In Thessaloniki, chef and tsipouro expert Grigoris Helmis explains how to enjoy and understand the time-honoured traditions surrounding this Greek alcoholic spirit.
Tsipouro is the forgotten cousin of the more popular ouzo and raki; although little known outside Greece, the spirit is an indelible part of the country’s culture. It is believed to date back to the hallowed ground of the 14th-century monasteries on Mount Athos, and the customs surrounding its consumption have made tsipouro something akin to sacred to the Greeks. Traditionally served alongside small meze dishes, it’s much more than just a drink; it’s an art form that has historically brought people together.
Grigoris Helmis, chef and co-owner of tsipouro bar MeZen in Thessaloniki, spoke to Culture Trip about this Greek tradition, explained how best to drink the spirit – and even let us in on the golden rule of tsipouro.

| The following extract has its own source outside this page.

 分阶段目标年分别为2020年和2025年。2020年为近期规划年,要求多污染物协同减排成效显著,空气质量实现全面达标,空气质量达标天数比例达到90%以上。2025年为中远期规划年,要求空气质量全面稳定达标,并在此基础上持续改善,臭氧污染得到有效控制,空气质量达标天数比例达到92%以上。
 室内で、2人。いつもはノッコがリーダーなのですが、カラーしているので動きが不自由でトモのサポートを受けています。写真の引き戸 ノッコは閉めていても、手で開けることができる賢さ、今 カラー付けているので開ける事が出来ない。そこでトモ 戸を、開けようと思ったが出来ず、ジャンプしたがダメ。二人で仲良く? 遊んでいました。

As tsipouro isn’t commonly found outside Greece, Helmis has witnessed many people’s first encounters with the spirit when they arrive at MeZen’s bars in Volos and Thessaloniki. He’s therefore well equipped to give a crash course on the topic. “Tsipouro is a spirit made from grape skins and the leftovers of wine. Up until 1899, you couldn’t find any bottled tsipouro. People would make it themselves out of the byproduct of the wine. It was a very underground drink – and a very underrated drink.”

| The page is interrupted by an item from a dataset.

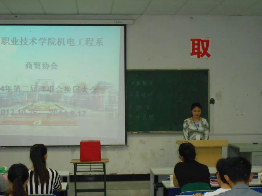 最后,机电系团总支负责人谢丽丽老师为此次换届大会做了总结,她指出,社团是学生自我管理、自我服务、自我成长的一个有效载体,希望全体会员在新一届理事会的带领下,齐心协力,努力把商贸协会发展成一个让每位会员都能展现自己、锻炼自己、发展自己的舞台。

Even as tsipouro has become more widely, and more commercially, manufactured, it’s remained very much a community spirit (no pun intended). “There are now over 300 different labels of tsipouro. But it is still a very local product; because you’re using the byproducts of wine, you’re mainly using the local wines, which means all the different regions – Mykonos, Crete, Volos – make their own varieties.”
There are varying standards of tsipouro, which range from blended varieties made in bulk to the distilled versions of the spirit, which Helmis describes as “clearer, more crisp, better quality.” The origins of the tsipouro served at MeZen are important to Helmis; he and his business partner Andreas Diaconimitris travel around Greece, meeting producers and distillers to learn more about the individual brands and their production. Each tsipouro on the menu is accompanied by details of the year, the city of origin and tasting notes. “We deal with tsipouro like it is wine, because I think it deserves it.”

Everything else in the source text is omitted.